Pope at the audience: those who pray, pray for all

Pope Francis reflects on “the prayer of intercession” during his weekly general audience.

By Christopher Wells

Continuing his catechesis on prayer, Pope Francis focused on “intercession” on Wednesday; that is, prayer asking on behalf of another. “

Those used to pray, said Pope Francis, “never turn their backs on the world.” If prayer is not concerned with every aspect of human existence – its joys and sorrows, its hopes and worries – it becomes a “decorative” activity.

Bread, broken and shared

The Pope noted a resemblance between those who pray for others and Christ in the Eucharist. “In prayer,” he said, “God” takes us, blesses us, breaks us, and gives us “to satisfy every hunger.” Every Christian, he added, “is called to be bread, broken and divided, into God’s hands.”

Men and women of prayer, the Pope said, “always keep the doors of their hearts wide open,” even as they seek solitude and silence. They pray for those who do not pray, or do not know how to pray, as well as for those “who have made a mistake and are lost.” In their loneliness, those who pray ‘separate themselves from everything and everyone’ precisely in order to ‘rediscover everything and everyone in God’.

Pray for everyone

The Pope said these people “pray for every person”, they see “the face of Christ in every poor person who knocks at their door, in every person who has lost the meaning of things.”

Prayer is “just human,” said Pope Francis. “The human heart is inclined to prayer.” But prayer necessarily involves love for our brothers and sisters. Human experience, said the Pope, “is present in every prayer, because no matter what mistakes people have committed, they should never be rejected or thrown away.”

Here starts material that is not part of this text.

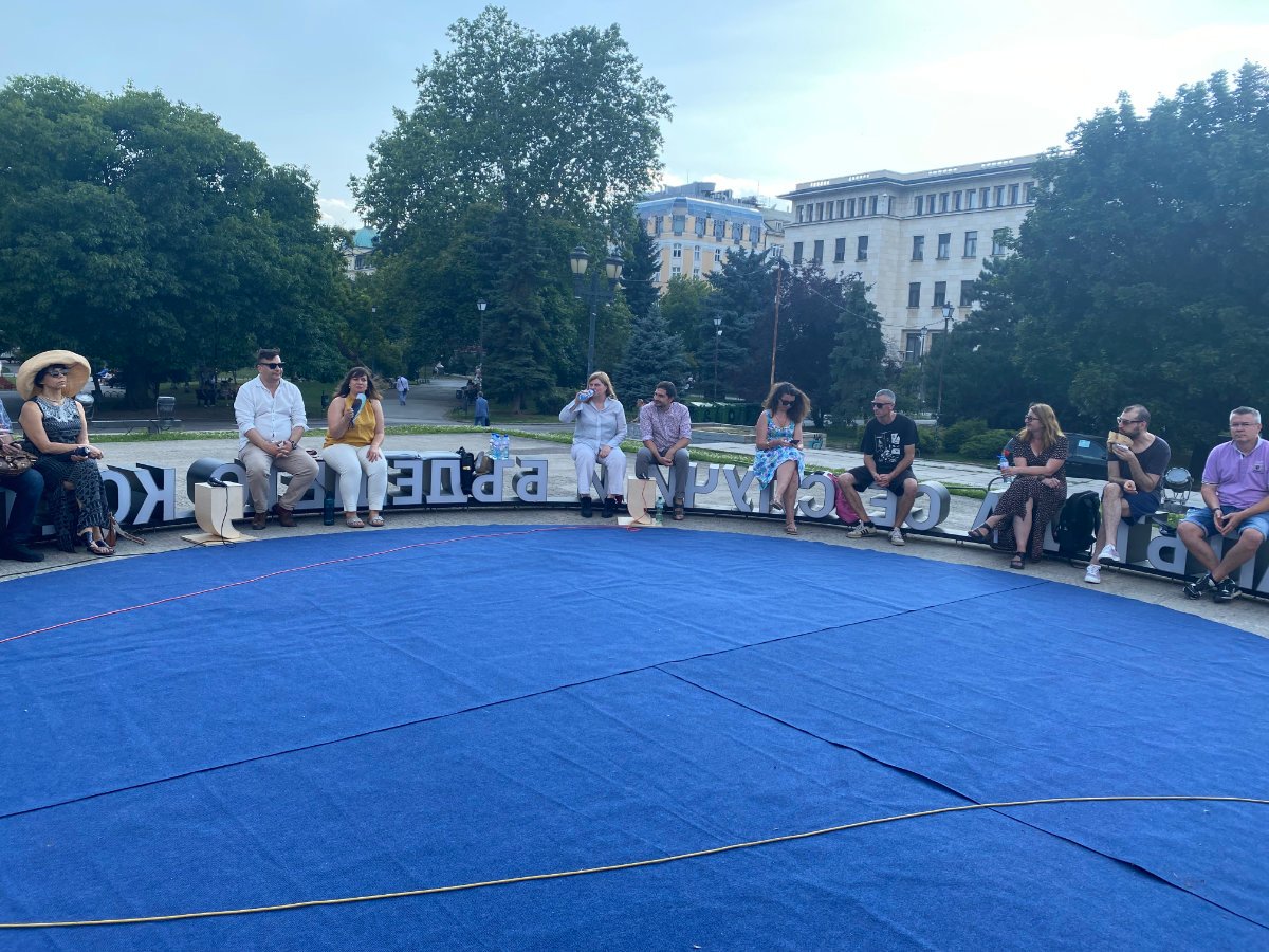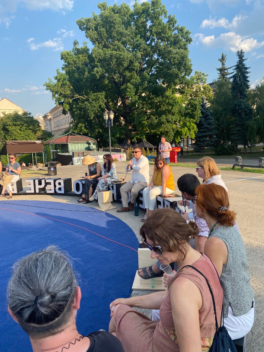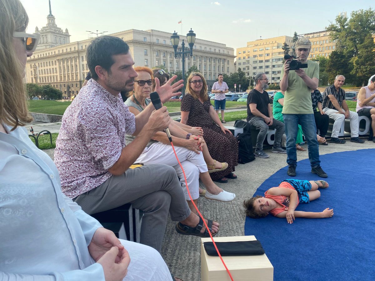 Third conversation in the series “BETWEEN THE PAST THAT IS ABOUT TO HAPPEN AND THE FUTURE THAT HAS ALREADY BEEN – CONVERSATIONS about society in time”, within the framework of the art installation of the same name by Krasimir Terziev. Placed in the heart of the City Garden, it is the visual and conceptual core of a series of conversations that seek to give voice to the deepest social anxieties, contradictions and opportunities for change.

Neither judgment nor condemnation

Pope Francis emphasized that when those who pray offer prayers for sinners, there should be no judgment or condemnation: those who pray, pray for all and first of all for themselves. For this very reason, the Holy Father proposed a prayer for all to pray: “Lord, none is righteous in your sight; we are all debtors, each with an outstanding balance; no one is sinless in your sight. Lord have mercy on us! “

The Pope went on to note that even in spite of the sins of His people, God remains faithful and endures “in His service as a Shepherd, even with those who compel him to dirty His hands; He does not close His heart to those who even made Him suffer. “

A mission of intercession

The Church, too, said Pope Francis, “has a mission to practice the prayer of intercession” – and this duty rests above all on those who have responsibility for others. “Like Abraham and Moses,” he said, “they sometimes have to ‘defend’ those entrusted to them before God.”

In fact, by praying to God, the Pope said they “guard them with God’s eyes and heart, with the same invincible compassion and tenderness.”

Leaves on the same tree

“We are all leaves on the same tree,” the Pope said in conclusion. “Each fall reminds us of the great piety that must be nurtured in prayer for one another.”